## [Directions]
Nothing but the lines below from the one containing "Figure 2. Inhibtion" through the one containing "このページでご紹介しているモ" should appear in the answer, exact and without pictures.

## [Material provided]
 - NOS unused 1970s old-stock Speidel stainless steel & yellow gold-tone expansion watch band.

==

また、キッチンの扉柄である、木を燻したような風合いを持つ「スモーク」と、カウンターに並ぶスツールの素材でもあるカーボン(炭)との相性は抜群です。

--

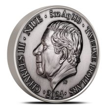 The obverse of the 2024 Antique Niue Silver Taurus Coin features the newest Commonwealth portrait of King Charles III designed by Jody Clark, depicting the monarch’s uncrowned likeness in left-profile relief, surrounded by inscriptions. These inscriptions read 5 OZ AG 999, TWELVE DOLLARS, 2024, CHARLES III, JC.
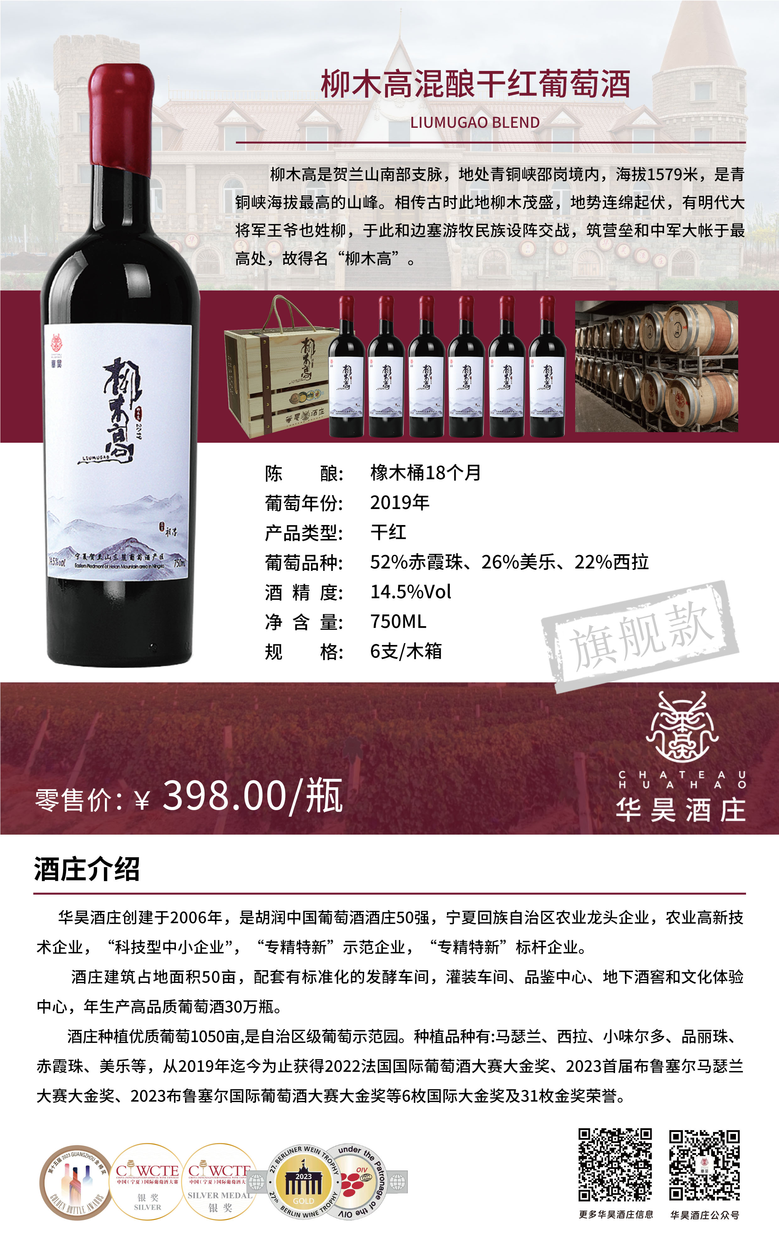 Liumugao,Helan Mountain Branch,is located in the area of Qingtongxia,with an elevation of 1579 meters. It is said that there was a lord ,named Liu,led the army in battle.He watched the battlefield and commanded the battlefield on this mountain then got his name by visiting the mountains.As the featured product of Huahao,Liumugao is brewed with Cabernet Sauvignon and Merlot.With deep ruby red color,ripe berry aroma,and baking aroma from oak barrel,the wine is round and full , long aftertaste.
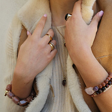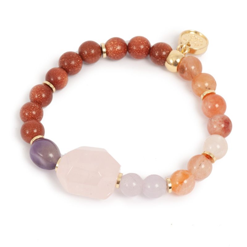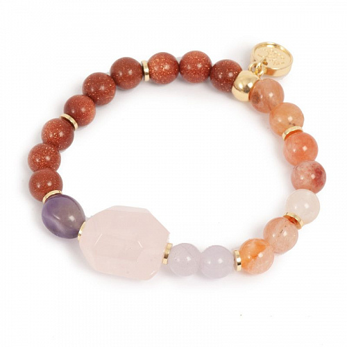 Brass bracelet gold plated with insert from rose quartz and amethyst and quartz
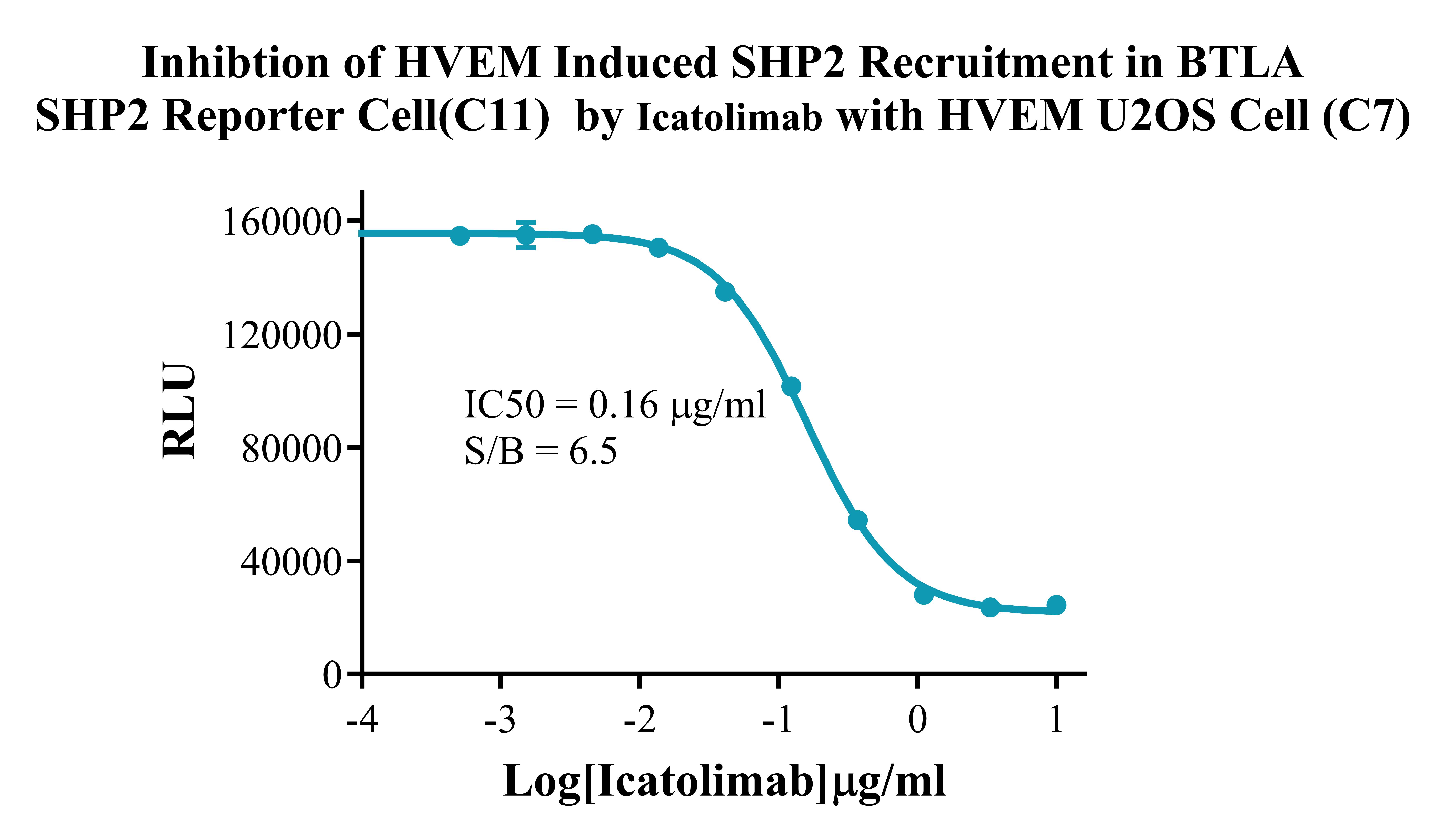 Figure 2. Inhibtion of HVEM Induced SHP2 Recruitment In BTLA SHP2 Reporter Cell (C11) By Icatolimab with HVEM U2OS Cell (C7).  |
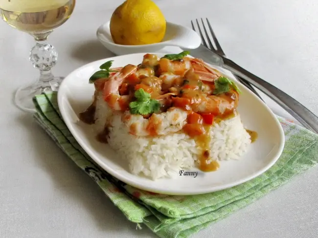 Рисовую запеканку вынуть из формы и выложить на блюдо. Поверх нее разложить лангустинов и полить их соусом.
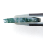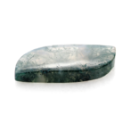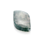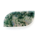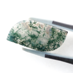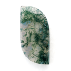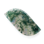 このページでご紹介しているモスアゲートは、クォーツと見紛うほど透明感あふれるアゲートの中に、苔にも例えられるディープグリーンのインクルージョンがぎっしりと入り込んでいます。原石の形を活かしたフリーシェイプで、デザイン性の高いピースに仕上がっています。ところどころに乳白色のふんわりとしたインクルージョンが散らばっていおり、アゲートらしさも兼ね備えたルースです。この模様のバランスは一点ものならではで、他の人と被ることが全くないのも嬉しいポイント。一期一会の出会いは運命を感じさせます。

## [Solution to the exercise]
 Figure 2. Inhibtion of HVEM Induced SHP2 Recruitment In BTLA SHP2 Reporter Cell (C11) By Icatolimab with HVEM U2OS Cell (C7).  |
 Рисовую запеканку вынуть из формы и выложить на блюдо. Поверх нее разложить лангустинов и полить их соусом.
 このページでご紹介しているモスアゲートは、クォーツと見紛うほど透明感あふれるアゲートの中に、苔にも例えられるディープグリーンのインクルージョンがぎっしりと入り込んでいます。原石の形を活かしたフリーシェイプで、デザイン性の高いピースに仕上がっています。ところどころに乳白色のふんわりとしたインクルージョンが散らばっていおり、アゲートらしさも兼ね備えたルースです。この模様のバランスは一点ものならではで、他の人と被ることが全くないのも嬉しいポイント。一期一会の出会いは運命を感じさせます。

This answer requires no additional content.